Exercise: Return all lines of the records that contain the word "Colmenar".
START Records provided
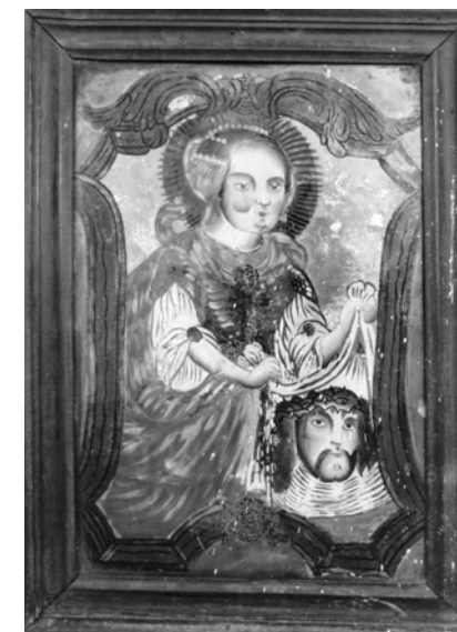
Sv. Veronika, Českomoravská vysočina – západní Morava, přelom 18. a 19. století. (Muzeum v Ivančicích)

Na přelomu 18. a 19. století se vyhranila další varianta lidového malířství na Českomoravské vysočině. Zdejší produkce je osmi reprezentanty zastoupena ve sbírce ivančického a Podhoráckého muzea a řadí se tak k nejčetnějším regionálnějším typům sbírkových fondů. 28 Tamní podmalby se vyznačují nevýraznými konturami okrové nebo tělové barvy, případně tenčími černými liniemi. Z charakteristických detailů je možno zmínit květinový dekor v podobě festonů z květů růží a palmetových lístků. Část podmaleb má dělené pozadí, přičemž vnitřní tvoří zrcadlová
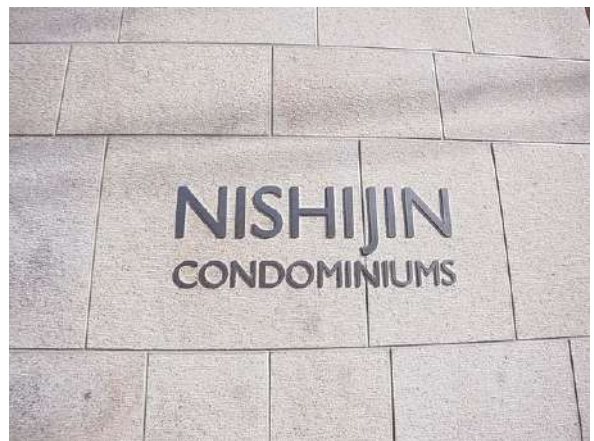
【その他】エンブレム
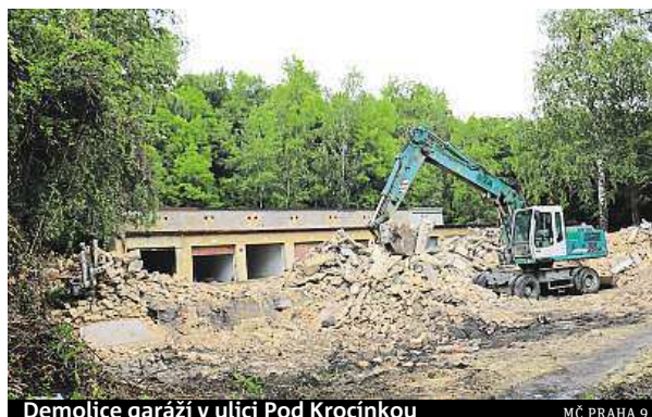
Demolice garáží v ulici Pod Krocínkou

Místní se nyní obávají jediného: co na nově uvolněném pozemku vznikne. „Doufám, že se zde vybuduje něco, co bude ladit s Klíčovským lesoparkem,“ doufá Karel Kýr, který bydlí v sousedství.
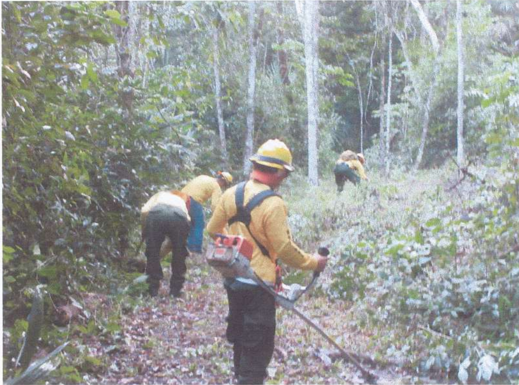
Limpeza de 25 kilómetros lineales de la brecha límite sur del Parque con el apoyo de personal de la CONRED en el marco del Proyecto de Biodiversidad de USAID y el Bloque Bio Itza-Zots-Tikal-Cahui-Yaxha-Nakum-Naranjo.
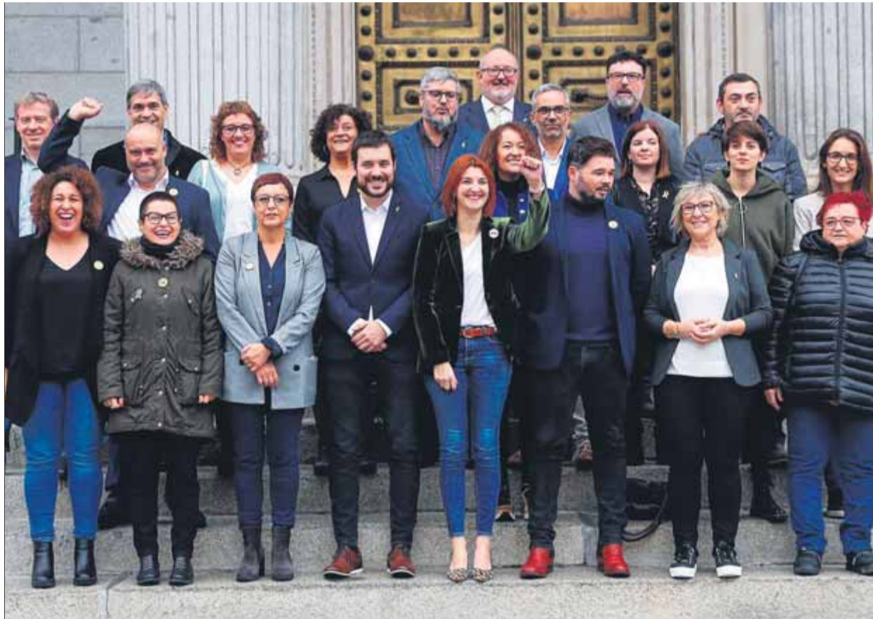
El grup de diputats al Congrés i senadors d'ERC es van fotografiar ahir junts a les escales del Congrés

Des de Londres, on assistia a un fòrum d'infraestructures entre Espanya i el Regne Unit, Ábalos avançava que l'objectiu no és el suport d'ERC a la investidura ni al govern, sinó demanar-li que "permeti desbloquejar" la governabilitat, segons informava Efe, en referència implícita a l'abstenció necessària dels republicans. Ábalos, que conduiria la negociació amb Lastra però també amb el secretari d'organització del PSC,
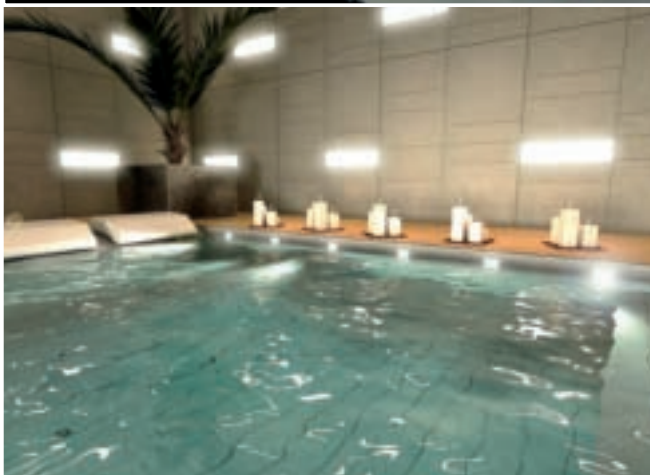
THIS PAGE, GRUPPO FEG KITCHEN CUPBOARD, THE LOBBY BATHROOM, THE JACUZZI AND THE LOBBY. RIGHT PAGE, A HALLWAY, A RAPSSEL SINK AND FONTANA ARTE'S IVORY LAMP.
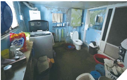
화장실 작업 전
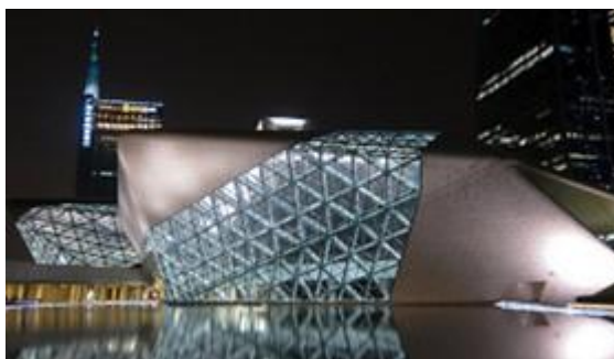
Рисунок 9-Оперный театр Гуаньчжоу, Китай (2003 - 2010)

Сама Заха говорит о своем творчестве так: «Я пытаюсь передать эмоции, которые испытывает человек, оказавшийся в дикой природе, в незнакомом, неисследованном месте. Постигание природы не имеет ничего общего с линейной системой координат... Мне интересно создать пространство, где у вас есть выбор системы координат. Когда вы оказываетесь в дикой природе, у вас нет определенного маршрута, и вы обнаруживаете места и вещи, которые не стремились обнаружить. Иногда вы чувствуете себя потерянным, но это лишь акцентирует внимание на том, что есть и другие пути. Многих людей не устраивает такой подход, потому что вообще люди не любят ставить под сомнение свои представления о правильном и неправильном. Мне, напротив, больше всего нравится менять свои мнения. Это как раз та причина, по которой люди путешествуют, смотрят мир, экспериментируют. И меня очень удивляет, насколько люди привержены какому-то одному способу существования. Это надо менять, и причем менять постоянно».
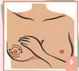
۶ بصورت دایره ای
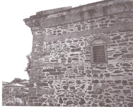
Храм „Св. Никола“ в село Тополница – източната част на северната стена с дата на градежа.
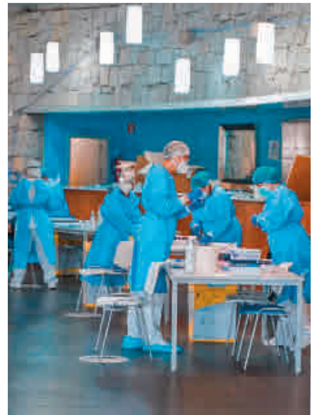
Test de antígenos en Colmenar Viejo

En lo que a Tres Cantos y Colmenar Viejo se refiere, este informe epidemiológico re-
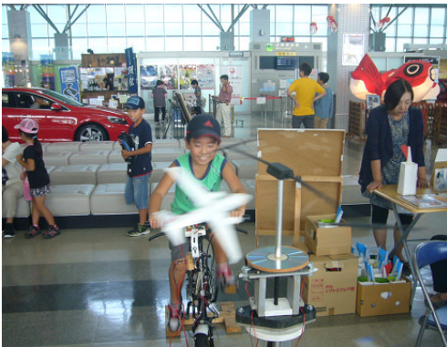
3) 自転車発電を体験
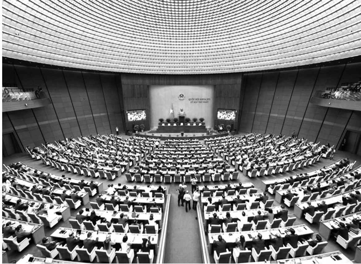
● “Không để kiến nghị của cử tri kéo dài qua nhiều kỳ tiếp xúc mà chậm chuyển biến, không rõ trách nhiệm, kết quả là yêu cầu mang tính nguyên tắc đối với mỗi đại biểu QH. Trong ảnh: Phiên khai mạc Kỳ họp thứ Nhất, Quốc hội khóa XVI.

Quốc hội vừa là nơi kết tinh ý chí, nguyện vọng và quyền làm chủ của Nhân dân, vừa là nơi chuyên hóa niềm tin ấy thành kết quả thực tiễn. Vì thế, yêu cầu “không để kiến nghị của cử tri đi qua nhiều kỳ tiếp xúc mà vẫn chậm chuyển biến, không rõ trách nhiệm, không rõ kết quả” vừa là mong muốn, vừa là yêu cầu có tính nguyên tắc đối với hoạt động của Quốc hội và từng đại biểu Quốc hội.
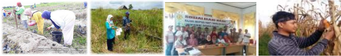
Gambar 17. Penanaman, ploting, sosialisasi dan panen jagung
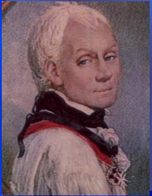
А.В. Суворов. Миниатюра Ксавье де Местра

Существует несколько вариантов легенды о встрече юного Суворова с генералом Ганнибалом, которую принято считать своеобразным благословением будущего полководца на военную службу. Вот один из вариантов.
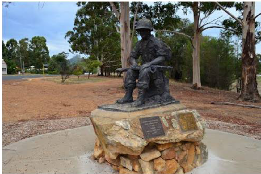
Tượng đài chiến sĩ Úc - Việt, Adelaide, Australia
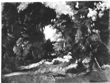
HERMAN LIPÓT: ERDŐ BELSEJE
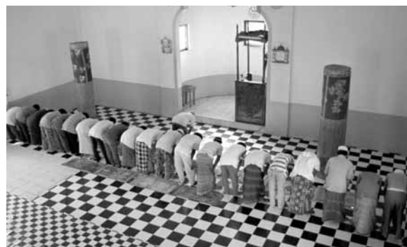
フィリピン最古のモスクで祈る人びと (1993年11月、スル諸島のシムヌル島)

この一五年間、わたしは、フィリピン南部から、マレーシア東部、インドネシア東部にひるがる多島海のサンゴ礁社会で調査をおこなってきた。いずれも、いわゆる東方イスラーム世界を構成している。とはいえ、ムスリムが少数派のフィリピンとムスリムが主流派のマレーシアやインドネシアでは事情がことなっている。たとえばイスラームを公式宗教とするマレーシアは、人口二千五百万のおよそ六割強がムスリムである。そして世界最大のムスリム人口を擁するインドネシアは、人口二億二千万の九割がムスリムである。世界で一二億のムスリム人口の二割ちかくを、インドネシアが占める計算となる。ともに多言語多民族社会であるマ
END Records provided
Solution:
Test de antígenos en Colmenar Viejo
En lo que a Tres Cantos y Colmenar Viejo se refiere, este informe epidemiológico re-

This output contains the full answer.